Agents propose amendments they can't ratify. Constitutional, not autocratic.

TypeScript

import { ConvergentFailureTracker } from '@varpulis/agent-runtime';

const tracker = new ConvergentFailureTracker({
  sessionThreshold: 3,    // fire after 3 distinct sessions
  windowSeconds: 3600,    // within 1 hour
});

// When a targeted_failure detection fires in any session:
const proposal = tracker.record(
  'tests/test_auth.py::test_login',  // target
  'session-abc',                      // session ID
  'AssertionError: expected 200',     // error summary
  'Add OAuth2 support',               // what this session was doing
);

if (proposal) {
  // Write to .varpulis/proposals/ for human review
  console.log(proposal.recommendation);
  // "Target 'tests/test_auth.py::test_login' may be outdated — 3 independent
  //  sessions failed on it. Consider updating or removing this guardrail."
}

// Persist state between restarts
const state = tracker.toJSON();
const restored = ConvergentFailureTracker.fromJSON(state);

Python

from varpulis_agent_runtime import ConvergentFailureTracker

tracker = ConvergentFailureTracker(session_threshold=3, window_seconds=3600)

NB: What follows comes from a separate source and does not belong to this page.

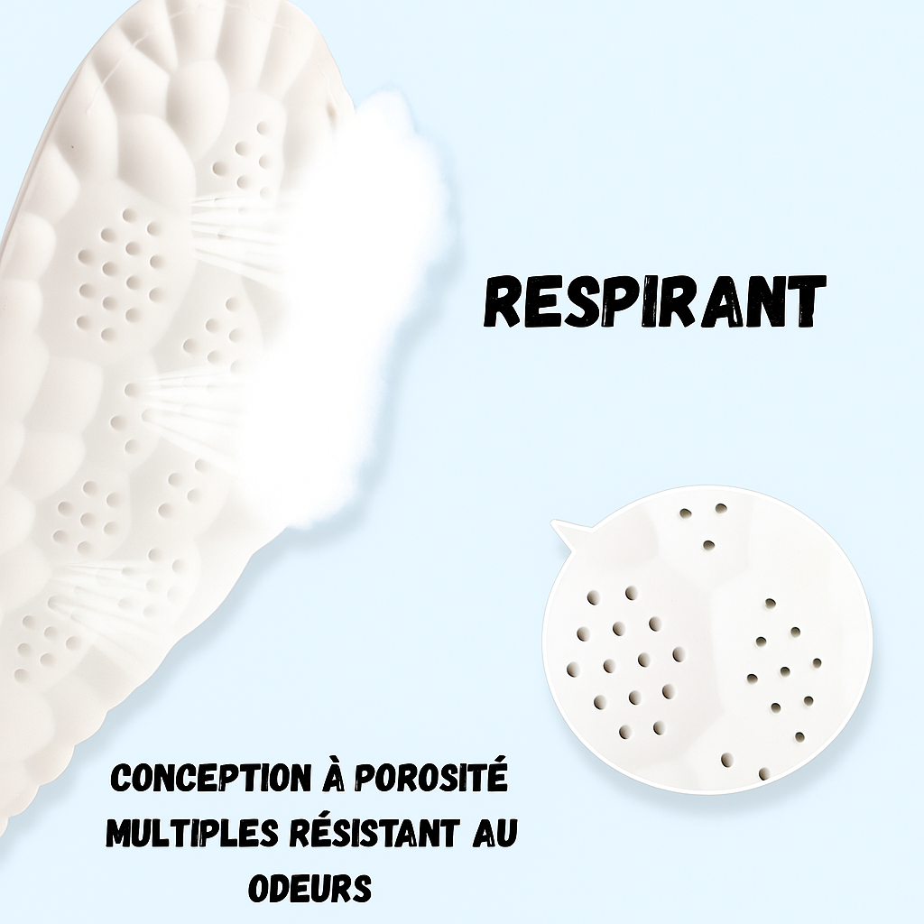 Grâce à sa conception à porosité multiple, cette semelle innovante assure une ventilation optimale pour garder vos pieds au frais et au sec tout au long de la journée. Son matériau spécialement étudié est résistant aux odeurs, offrant ainsi un confort durable et hygiénique.
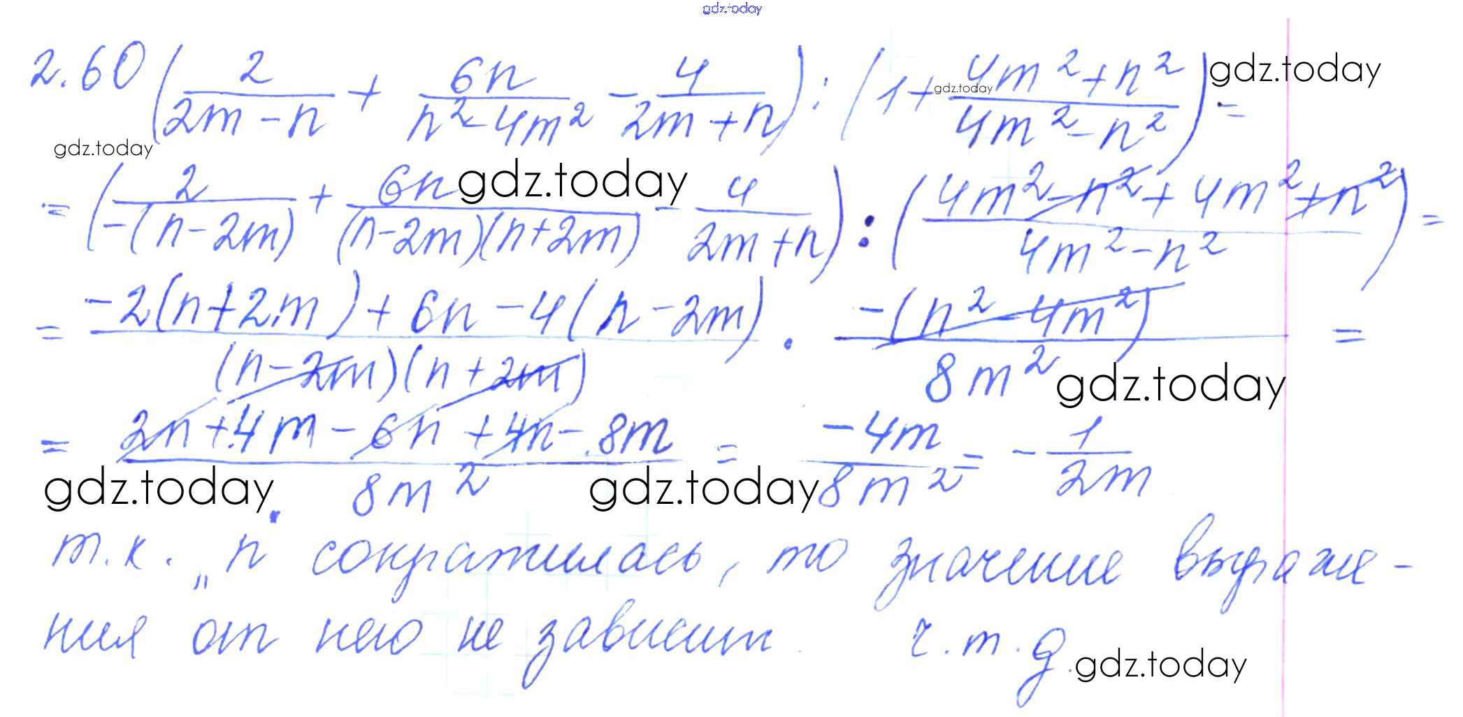 Ответы к Решение к параграфам 2. Рациональные дроби 2.60 Сборнику задач по Алгебре для 8 класса Галицкий, Гольдман Просвещение 2019

proposal = tracker.record(
    target="tests/test_auth.py::test_login",
    session_id="session-abc",
    error_summary="AssertionError: expected 200",
    task_description="Add OAuth2 support",
)

if proposal:
    print(proposal["recommendation"])

# Persist to disk
tracker.save(".varpulis/convergent_state.json")
restored = ConvergentFailureTracker.load(".varpulis/convergent_state.json")

Claude Code Monitor

The Claude Code Monitor integrates convergent failure detection out of the box. The monitor daemon:

  • Tracks failure targets across all Claude Code sessions
  • Extracts test names from error output automatically
  • Writes proposals to .varpulis/proposals/ when the threshold is met
  • Displays proposals on the live dashboard with approve/dismiss buttons
  • Exposes GET /api/proposals and POST /api/proposals/<id>/resolve endpoints

Failure Target Extraction

The adapter automatically extracts failure targets from error output using these patterns:

Framework Example Error Extracted Target
pytest FAILED tests/test_auth.py::test_login tests/test_auth.py::test_login
jest FAIL src/__tests__/auth.test.ts src/__tests__/auth.test.ts
cargo test test tests::test_auth ... FAILED tests::test_auth
generic Error in tests/test_auth.py:42 tests/test_auth.py:42

Custom patterns can be provided via the failureTargetPatterns config option.


Framework Integrations

LangChain (JS/TS)

import { VarpulisLangChainHandler } from '@varpulis/agent-runtime';

const handler = new VarpulisLangChainHandler(runtime);

// Pass as a callback to any LangChain agent/chain
const result = await agent.invoke(
  { input: "What's the weather?" },
  { callbacks: [handler] }
);

LangChain (Python)

from varpulis_agent_runtime.integrations.langchain import VarpulisCallbackHandler

handler = VarpulisCallbackHandler(runtime)
result = agent.invoke({"input": "What's the weather?"}, config={"callbacks": [handler]})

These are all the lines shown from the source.